Hoy vamos a tratar una pregunta que, aunque parezca más filosófica que técnica, tiene una base muy concreta: ¿los modelos de lenguaje pueden razonar?
¿Loros estocásticos?
Una de las principales críticas a los modelos de lenguaje es, que no hacen más que predecir la siguiente palabra en un texto, como una especie de loro estocástico. Es decir, dado un texto, el modelo calcula cuál es el siguiente token (unidad básica del lenguaje, parecida a una palabra o fragmento de palabra) más probable. Ese nuevo texto se vuelve a procesar, se calcula el siguiente token, y así sucesivamente.
Lo interesante es que entre token y token, el modelo no recuerda nada. Cada petición es independiente, lo cual parece alejarse bastante de cualquier forma de razonamiento.
Si no razonan ¿Cómo explicamos esto?
Para ilustrarlo, hice una pequeña prueba: le pedí a un modelo que generara una adivinanza completa, incluyendo la solución al final. Aunque las adivinanzas que genera no son obras maestras, suelen tener sentido y, sorprendentemente, la respuesta es coherente.
Vuelo sin alas,
lloro sin ojos,
paso sin pies
y no me ves.
¿Qué soy?
Respuesta: El viento.
Esto plantea una pregunta clave: si el modelo solo predice el siguiente token, sin saber la respuesta de antemano, ¿Cómo consigue generar una adivinanza con sentido y con una solución correcta si esta no se escribe hasta el final?

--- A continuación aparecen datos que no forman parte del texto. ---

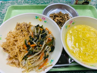 ビビンバ、コーンと卵のスープ、ごまめナッツ、牛乳です。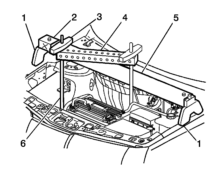 4. Install the J 43405 (5) to engine support crossbar.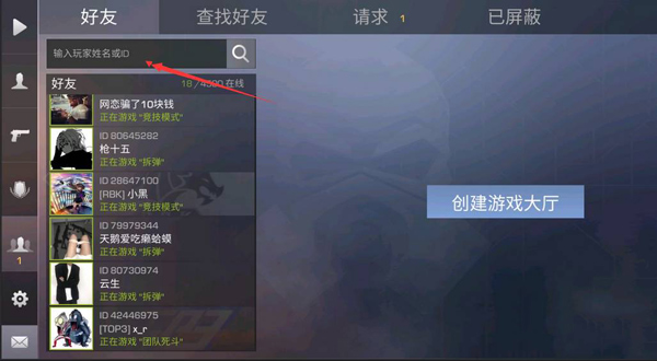 适合大家添加线下的小伙伴为好友时使用。由于对峙2手游中玩家彼此的ID是不会出现重复的,因此我们只需要记住小伙伴的名字或者数字ID,然后同样点击主界面右上角的标志为两个人的按钮,选择ID搜索并输入小伙伴的名字即可。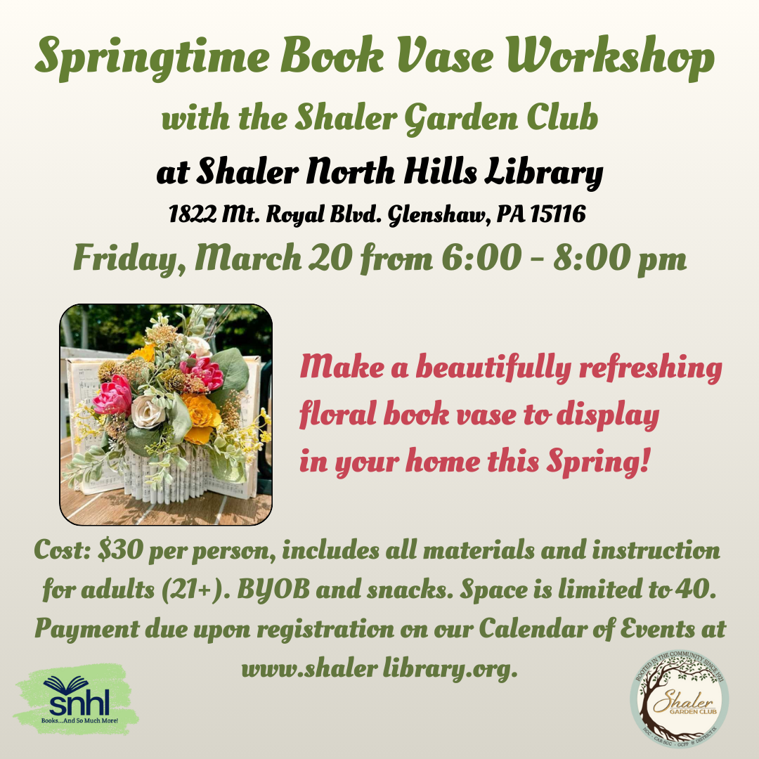 Join us for a special FUNdraiser with the Shaler Garden Club for this fun night out with family or friends to make a beautiful refreshing floral book vase to display in your home this Spring.
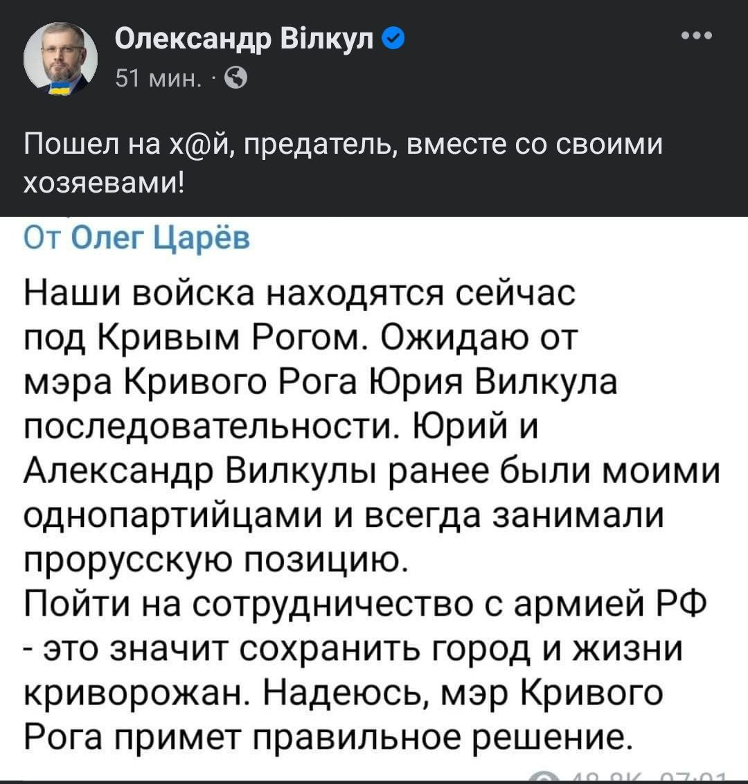 Начальник военной администрации Кривого Рога Алесандр Вилкул отреагировал на этот призыв очень резко: "Пошел на х@й, предатель, вместе со своими хозяевами!".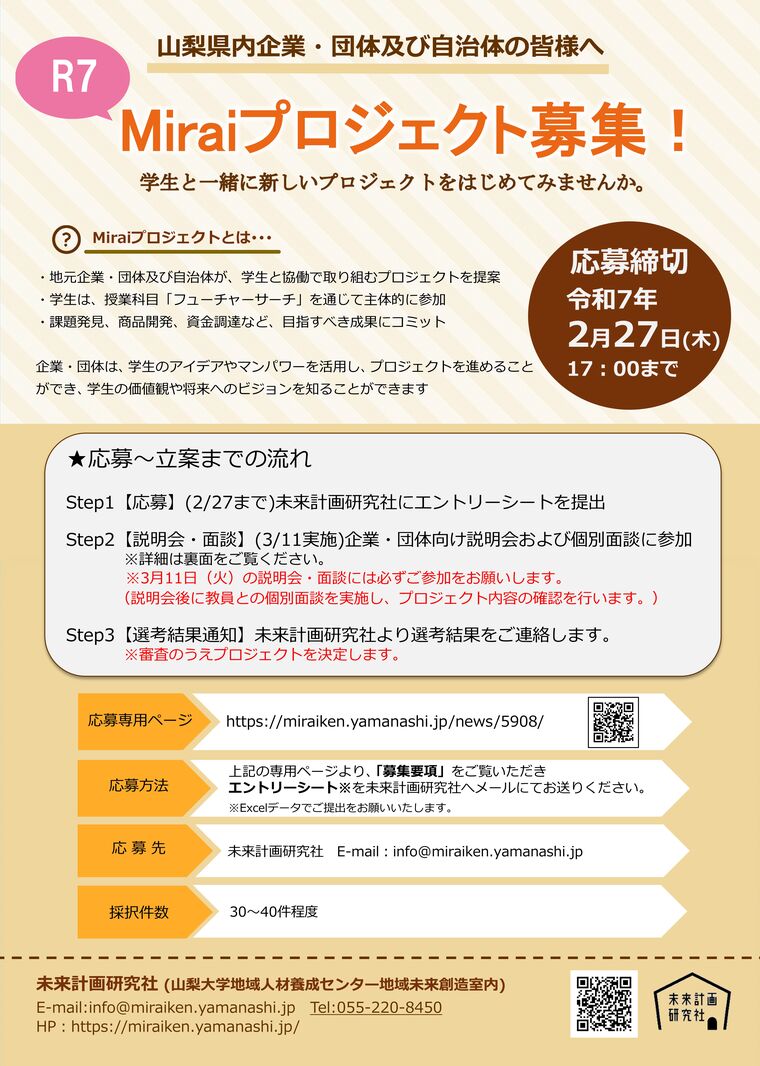 「Mirai プロジェクト」は、 県内の民間企業・団体・自治体が学生と協働で取り組み、地域の未来を探るプロジェクトです。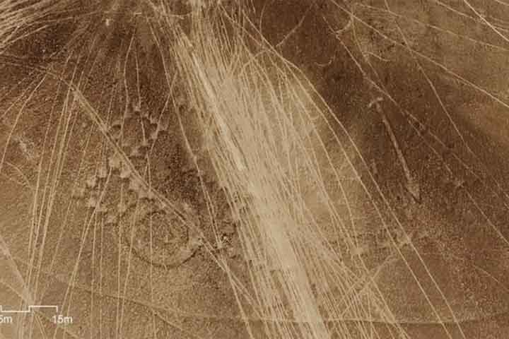 No solo árido do Deserto do Atacama, essas populações desenharam enormes figuras de pessoas, animais e objetos na areia. Foto: Instagram @fundacion_desierto_atacama -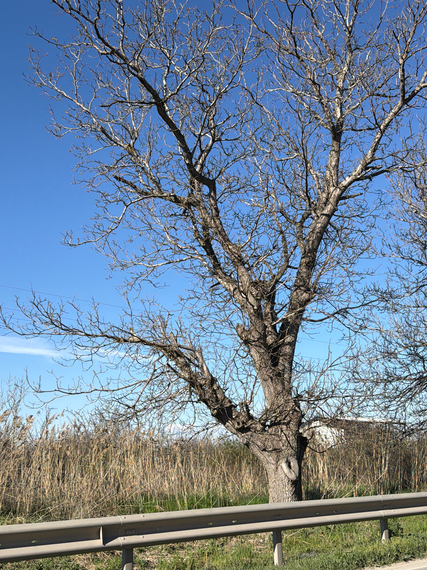 A large tree with bare branches dominates the left side of the frame against a clear blue sky. The trunk is substantial and positioned near the center of the image, with branches reaching upwards and…read more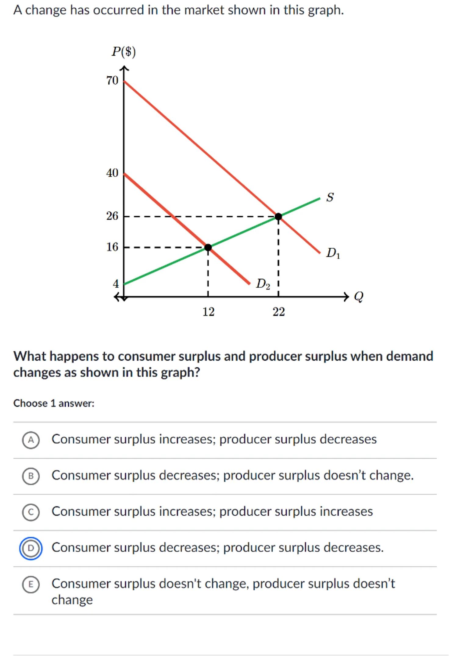What happens to consumer surplus and producer surplus when demand changes as shown in this graph?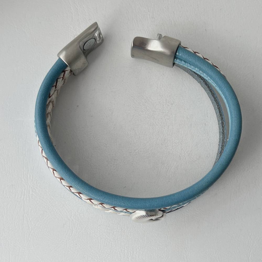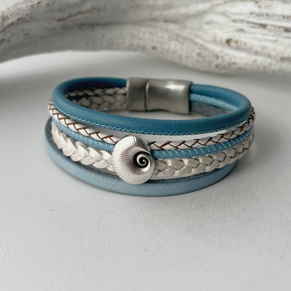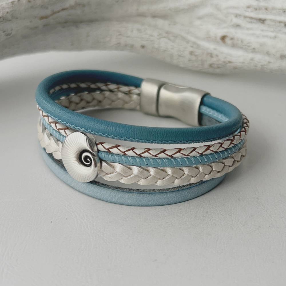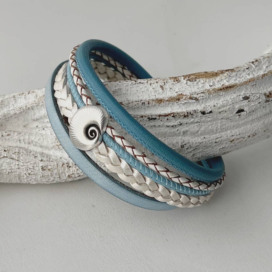 Das Lederarmband mit Muschel hellblau weiß ist ein echtes Sommerarmband! Mit seinen 5 verschiedenen Lederbändern und der schön geformten Muschel ist es ein echter Hingucker. Es lässt sich prima zu Jeans kombinieren.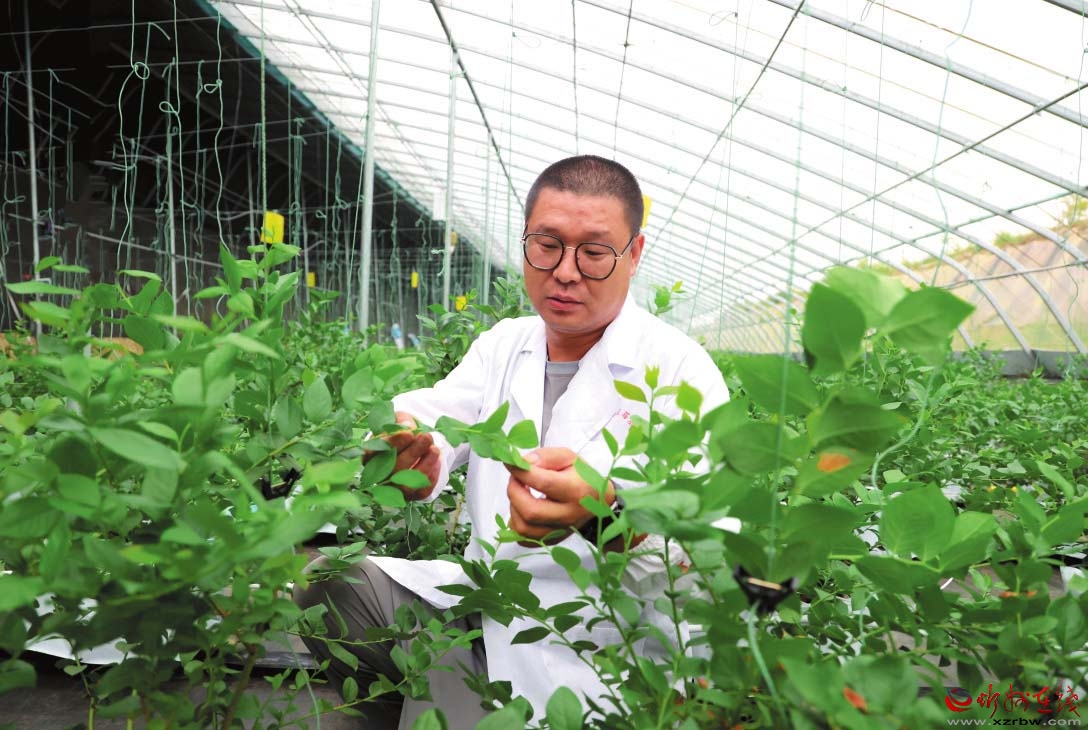 智慧大棚負責(zé)人馮祥君察看藍莓生長情況。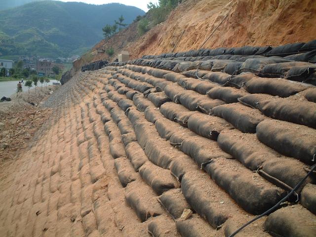 鋪設(shè)上一層:后續(xù)鋪層要在前一鋪層的基礎(chǔ)上進(jìn)行,以便每個(gè)上 層袋子用一個(gè)聯(lián)結(jié)扣固定在二個(gè)下層袋子上,這個(gè)扣就像餡餅的餡一 樣夾在上下層之間。形成一個(gè)聯(lián)結(jié)的表面粘連模式。繼續(xù)鋪設(shè)生態(tài)袋, 進(jìn)行壓實(shí)。上層的重量會(huì)牢牢的把三維排水聯(lián)結(jié)扣壓入袋子中,形成 袋與袋之間的堅(jiān)實(shí)聯(lián)結(jié)。在袋子上踩踏或在頂層夯實(shí)有助于確保袋子 之間的互鎖結(jié)構(gòu)緊密聯(lián)結(jié)。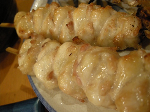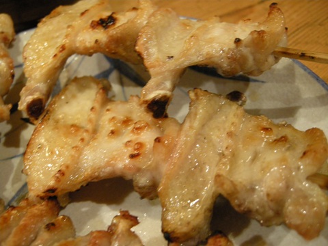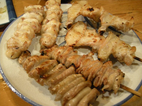 2本ずつ注文しました。1本が大きいです。手羽先は普段面倒だから滅多に食べないのですが、ここのは評判がいいらしく注文してみたら、これが美味しいのなんの。鳥の味がいいんだろうなあ。感激。ひな皮とぼんじりは薄めの味付けで、どちらも私にとってはちょっと油っこいかなあと思いました。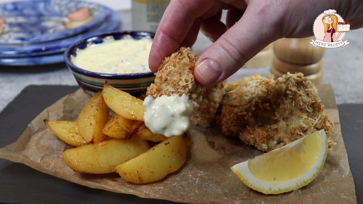 Задача простая: перенести атмосферу знаменитого английского блюда Fish and Chips на кухню, но с меньшим количеством масла и в более полезной интерпретации. Вместо традиционной жарки на сковороде здесь используются запечённые минтай и картошка.

El razonamiento está en el procesamiento del texto
La clave está en lo que ocurre antes de que el modelo empiece a predecir tokens. Cuando recibe un texto, no lo procesa tal cual: lo transforma en una representación matemática sobre la que operan sus redes neuronales. Capa a capa, esta representación se modifica, se afina, y finalmente permite calcular los tokens más probables para continuar.
Este proceso —aunque distinto del razonamiento humano— puede considerarse una forma de razonamiento, en tanto que transforma información, la analiza y genera una conclusión coherente.
Además, el texto que genera el modelo tiene una doble función:
1. Responder al usuario.
2. Servir como soporte para su propio proceso de razonamiento.
De hecho, si ampliamos el texto con reflexiones, pasos intermedios y análisis, los resultados suelen ser mucho mejores. Por eso los llamados modelos razonadores generan respuestas más largas: ese “rollo” intermedio es parte del razonamiento.
¿Y cómo ha aprendido a hacer esto?
Aquí no hay magia: como cualquier red neuronal, un modelo de lenguaje aprende por imitación. Si se entrena con ejemplos de entradas y salidas, acabará imitando ese comportamiento. En este caso, al entrenarse con textos que contienen razonamientos, el modelo aprende a imitar cómo escribimos cuando razonamos.
De hecho, cada vez más, los modelos se entrenan con datos específicamente diseñados para reforzar su capacidad de razonar.
¿Token a token?
Una crítica habitual es que, si un modelo solo puede generar una palabra (token) a la vez, no puede estar razonando como lo hacemos nosotros. Pero eso no es del todo cierto.
Existen otros tipos de modelos, como los modelos de lenguaje de difusión, que generan todo el texto al mismo tiempo. Inicialmente en forma de “borrador”. Luego, en cada iteración, van refinando todos los tokens hasta que el texto tiene sentido. Este enfoque se parece mucho más al proceso humano de pensar y escribir.
¿Imitar es razonar?
Otra cuestión habitual es que los modelos no razonan porque solo imitan nuestro comportamiento. Aquí podríamos entrar en un debate filosófico largo, pero os lanzo esta reflexión:
¿Razonar es un proceso concreto y solo es válido si se hace exactamente como lo hacen los humanos? ¿O es un resultado y cualquier proceso que llegue a una conclusión que consideramos razonada puede llamarse razonamiento?
¿Y si en vez de imitar… aprenden por sí mismos?
Existe otra técnica de entrenamiento llamada aprendizaje por refuerzo, que permite a los modelos mejorar a base de ensayo y error, sin limitarse solo a imitar. Aunque es solo una parte del entrenamiento, se utiliza especialmente en tareas complejas como matemáticas o programación, y aumenta la capacidad de razonamiento del modelo.
Entonces… ¿razonan o no razonan?
Eso os lo dejo a vosotros. Lo que está claro es que la frontera entre imitación y razonamiento es más difusa de lo que parece.